Artigo de Marina Silva publicado na Folha de S. Paulo
As conexões e movimentos no mundo globalizado são visíveis,
mas não evidentes. É preciso ver abaixo da superfície o que não é mostrado nas
pesquisas de opinião ou nas oscilações do mercado financeiro. Os fenômenos que
surpreendem na política são anunciados com antecedência nas entrelinhas das
notícias.
A vitória do candidato democrata à Prefeitura de Nova York
surpreende em vários aspectos: o perfil de ultraliberal com passado
esquerdista, as propostas de justiça social caracterizadas como
"populistas" ao melhor estilo latino-americano, o domínio dos republicanos
nos últimos 20 anos, tudo isso, há pouco tempo, seria obstáculo para uma
vitória tão folgada, com 70% dos votos.
O que querem dizer os nova-iorquinos? As maiorias ocultas,
de etnias e línguas variadas, resolveram exercer na política um poder que só
mostravam --e com dificuldade-- na cultura?
Quando o movimento Occupy Wall Street mostrou-se resistente
a ponto de espalhar-se como estratégia pelo mundo inteiro, o iceberg de uma
grande mudança revelou sua pontinha. Os jovens ativistas autorais são as novas
antenas da raça humana. Muitas vezes sua importância passa despercebida, como
também ficam invisíveis os 21% da população que vivem abaixo da linha de
pobreza na capital financeira do mundo. Tanta contradição e potencialidade não
fica contida para sempre.
Vimos o povo nas ruas no Egito, na Espanha, no Chile. Muitos
diziam: isso não acontece no Brasil, aqui esses movimentos ficam restritos a
desabafos na internet. Mas aconteceu, transbordou do virtual para o presencial
em manifestações cujos efeitos estão longe de se esgotar. E, agora, quem pode
dizer que tais movimentos não influenciarão a política, os Parlamentos e os
governos?
Não se trata de anunciar a chegada ao poder e a hegemonia de
uma nova geração. Trata-se, como tenho arriscado a dizer, de reconhecer o
surgimento de um novo sujeito político e de mudanças no ambiente social e
cultural em que a política acontece. O imprevisível ronda o palco dos
acontecimentos.
Um desejo forte começa a expressar-se claramente. Milhões de
pessoas escolhem qualidade de vida, e não consumo irrefletido; serviços
públicos de qualidade, e não grandes obras inúteis; conservação do ambiente e
valorização da vida, e não especulação e devastação. Os povos querem
desenvolvimento econômico e social, que é muito além do "crescimento".

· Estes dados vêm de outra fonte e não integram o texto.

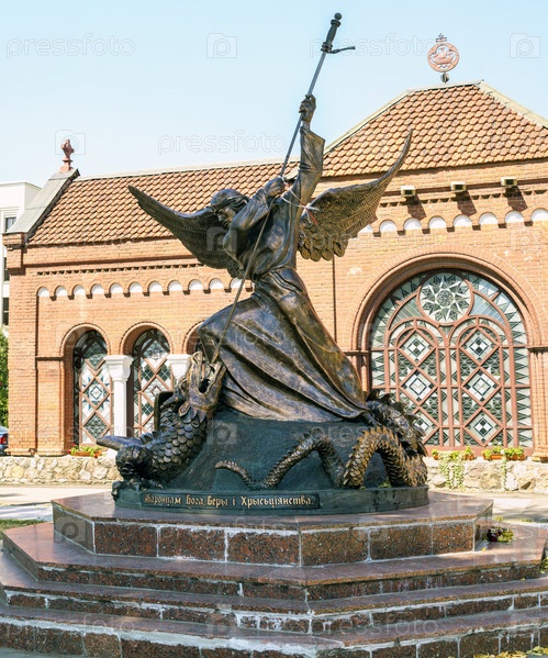 Скульптура "Архангел Михаил пронзает копьем змея" на фоне костела Святых Симеона и Елены, Минск, Беларусь

Ninguém mais alimenta ilusões em partidos salvadores da
pátria, democratas ou republicanos, mas até neles podem ocorrer realinhamentos,
novos espaços de ação e novos significados para a política. Portanto, boa sorte
aos nova-iorquinos. A esperança está em toda parte.
Marina Silva, ex-senadora, foi ministra do Meio Ambiente no
governo Lula e candidata ao Planalto em 2010. Escreve às sextas na versão
impressa da Folha de S. Paulo, página A2.